While our experience of pain remains individual, our behaviour is shaped by all the influences around us. And just to make things more complex, the meaning of our pain experience is shaped by what we learn and believe about pain from interactions between ourselves and all those influences that shape our behaviour. Complicated? Oh yes.
So if I grow up in a family that is generally stoic, where my complaints of pain are ignored and I see that others in my family don’t generally cry or stop doing things when they are hurt, it’s likely I’ll also be less demonstrative about my pain than another person in a family where this is not the norm.
We also learn to behave differently in different contexts. It’s common to say a few choice words when we hit our thumb with a hammer in the garage on a Saturday afternoon, but we usually wince and gasp quietly if we thump that same thumb in Church the next day!
What this means in terms of consistency is that people often do different things in different settings when they have pain – maybe when they drive from home to a clinic they’re a bit anxious about what the consultation might mean. They get out of the car and walk quite carefully into the clinic and sit down rather gingerly. They’re not sure whether they’re going to hear good news, or not. They go through the examination and consultation, and get told they’re going to try a new medication that might help. Oddly enough, as they walk back out to the car someone looking out the window might see them moving fluidly and getting into the car quite smoothly. Suspicious minds might start to wonder if they really had “that much pain”.
Turning to assessment of pain now, it’s been said that pain assessment should incorporate a number of different dimensions.
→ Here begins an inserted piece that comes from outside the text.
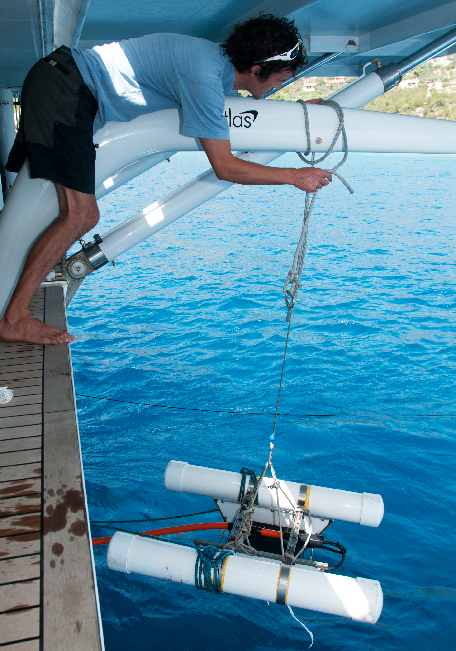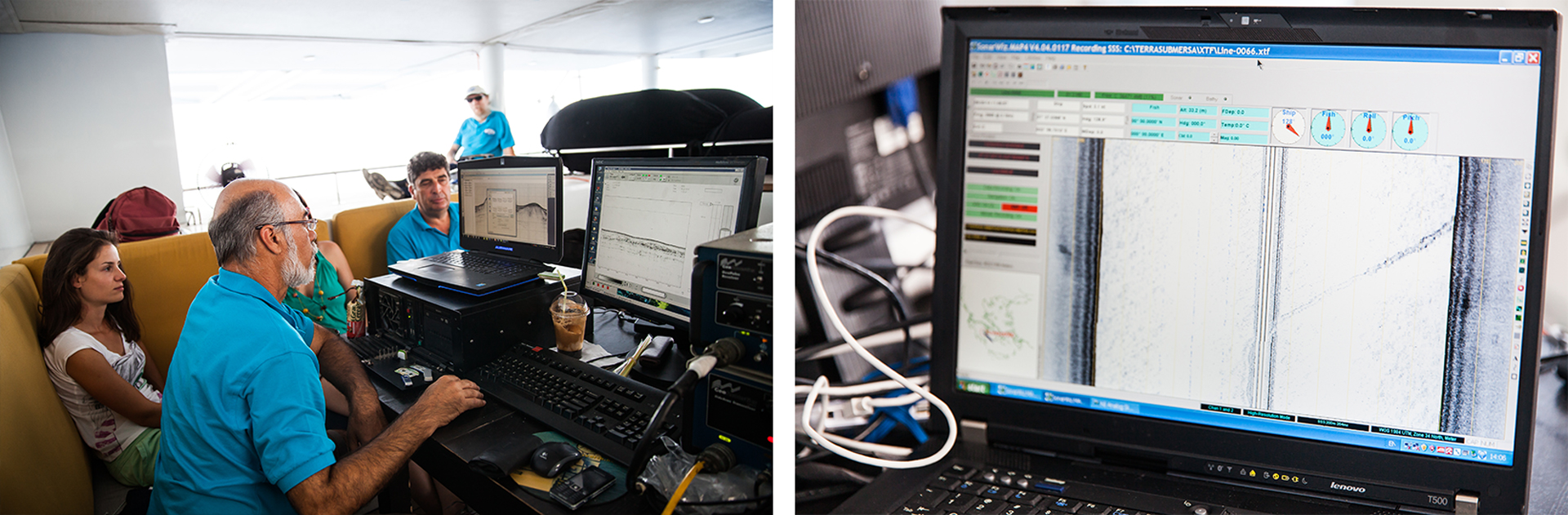 Το καταµαράν είναι έτοιµο να ξεκινήσει. Οι ερευνητές του ΕΛΚΕΘΕ έχουν ποντίσει στο πρυµναίο τµήµα του σκάφους ειδικά µηχανήµατα. Πρόκειται για έναν ηχοβολιστή πλευρικής σάρωσης που χαρτογραφεί το βυθό και έναν τοµογράφο υποδοµής πυθµένα που κάνει σεισµικές τοµές για να βρει τι υπάρχει από κάτω του. Ο επικεφαλής ∆ηµήτρης Σακελλαρίου, ειδικός στην υποθαλάσσια γεωλογία, παρακολουθεί τα πάντα µέσα από τις οθόνες.

At the very least, assessment needs to consider the location of pain, the intensity and quality of pain, and some sort of measure of the interference pain has with everyday activities. Some commentators consider pain assessment should also make a diagnosis of the type of pain disorder present (or the cause of the pain), while others also think that psychological aspects of pain need also to be included (such as pain catastrophising, measures of avoidance and measures of mood and anxiety). And of course, assessments of range of movement, strength and reflexes are also often part of a pain assessment.
Should these measures all present a “consistent” picture?
Where we hurt and what it feels like (the quality of pain) don’t directly correlate with the amount of interference a person experiences from their pain. If I’m a pianist I might be really bothered by tingling and burning fingers, while less bothered about the same pain qualities in my feet. If I’m really anxious about my future as a nurse, I might be really concerned about my low back pain. If I’ve developed some effective coping strategies for managing my overall body aching, I might not be particularly anxious or have low mood despite having quite intense pain.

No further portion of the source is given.